Perquisition à l'Élysée bloquée : l'article 67 de la Constitution invoqué dans l'enquête sur les panthéonisations
Perquisition à l'Élysée bloquée : l'article 67 invoqué

Perquisition à l'Élysée bloquée : l'article 67 de la Constitution invoqué

Une opération de perquisition menée par le Parquet national financier a été empêchée à l'Élysée ce mardi 14 avril 2026. Les enquêteurs et magistrats, qui investiguent sur des marchés publics liés aux cérémonies de panthéonisation, se sont vus refuser l'accès au palais présidentiel. Ils sont restés sur le pas de la porte, confrontés à l'inviolabilité constitutionnelle des locaux de la présidence.

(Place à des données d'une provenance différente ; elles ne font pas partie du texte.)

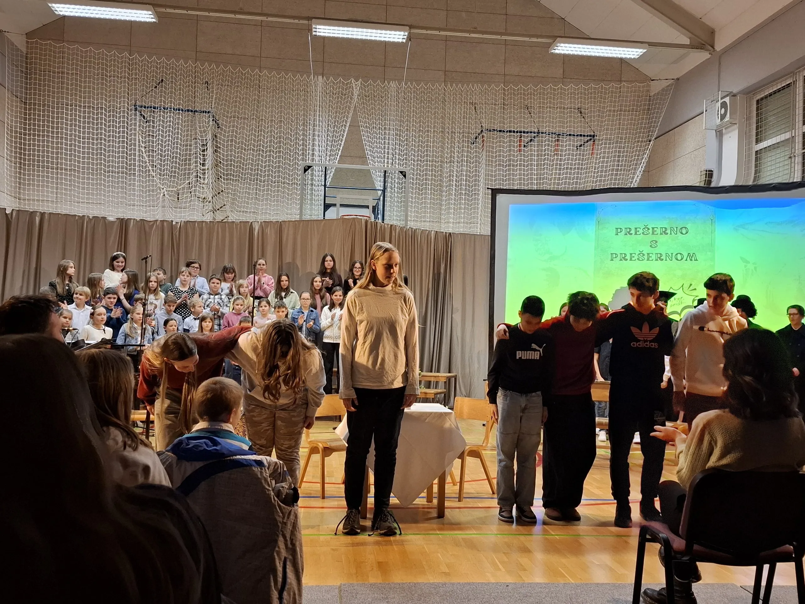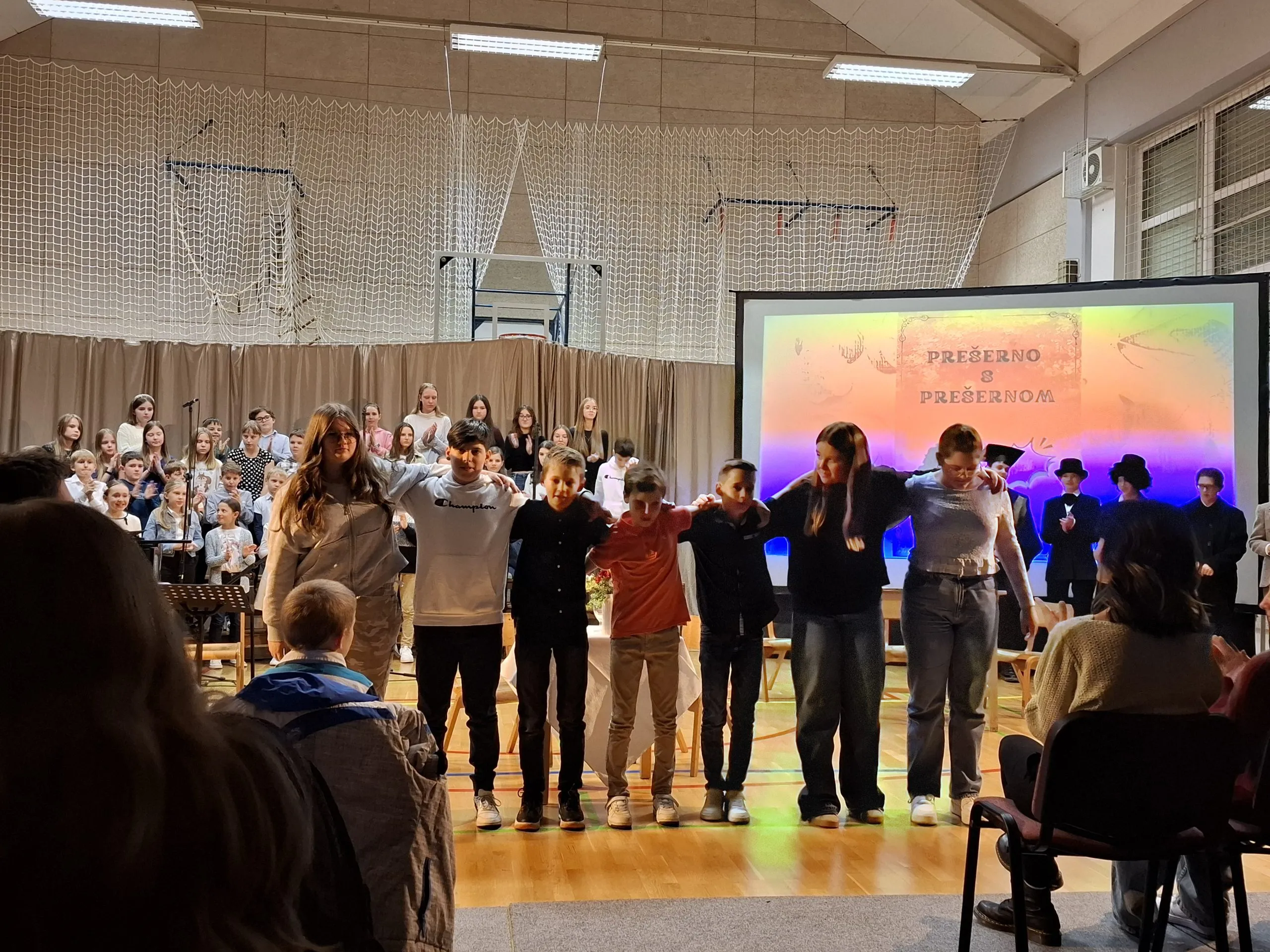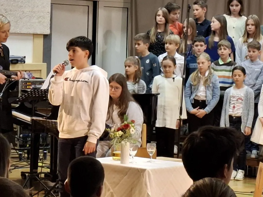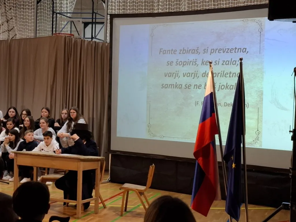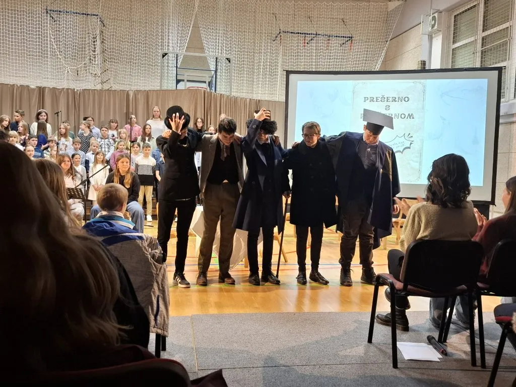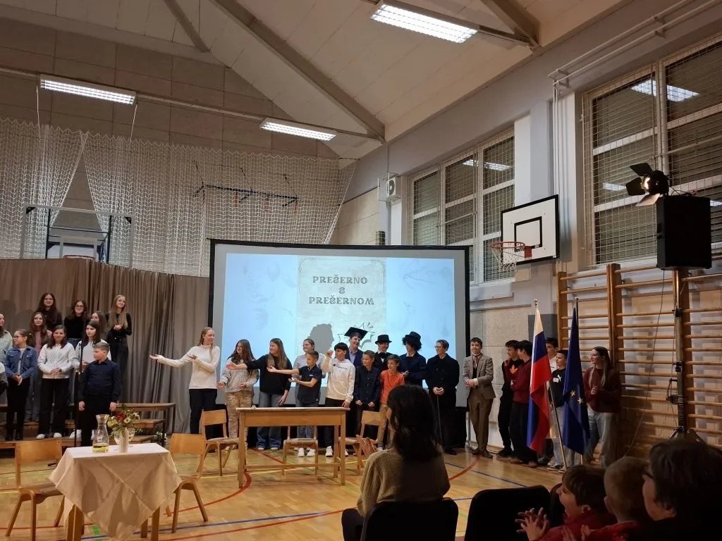 Nastop so zaključili učenci, ki so v različnih jezikih deklamirali 7. kitico Zdravljice in dokazali, da naša himna lepo zveni tudi v španščini, angleščini, nemščini, hrvaščini, ukrajinščini in italijanščini. Poklon Amadeji-Deji, Veroniki, Luku, Ivanu, Karyni in Eliji.

Le fondement juridique du refus

Le procureur de la République financier, Pascal Prache, a précisé dans un communiqué que l'article 67 de la Constitution a été invoqué pour justifier ce refus. Cet article stipule que le président de la République bénéficie d'une immunité durant son mandat, empêchant toute perquisition, instruction ou poursuite dans les locaux rattachés à sa fonction. "Les enquêteurs se sont présentés ce matin à la présidence de la République", a confirmé l'Élysée, ajoutant que les documents des agents, détachables de l'activité du chef de l'État, seraient transmis sur demande.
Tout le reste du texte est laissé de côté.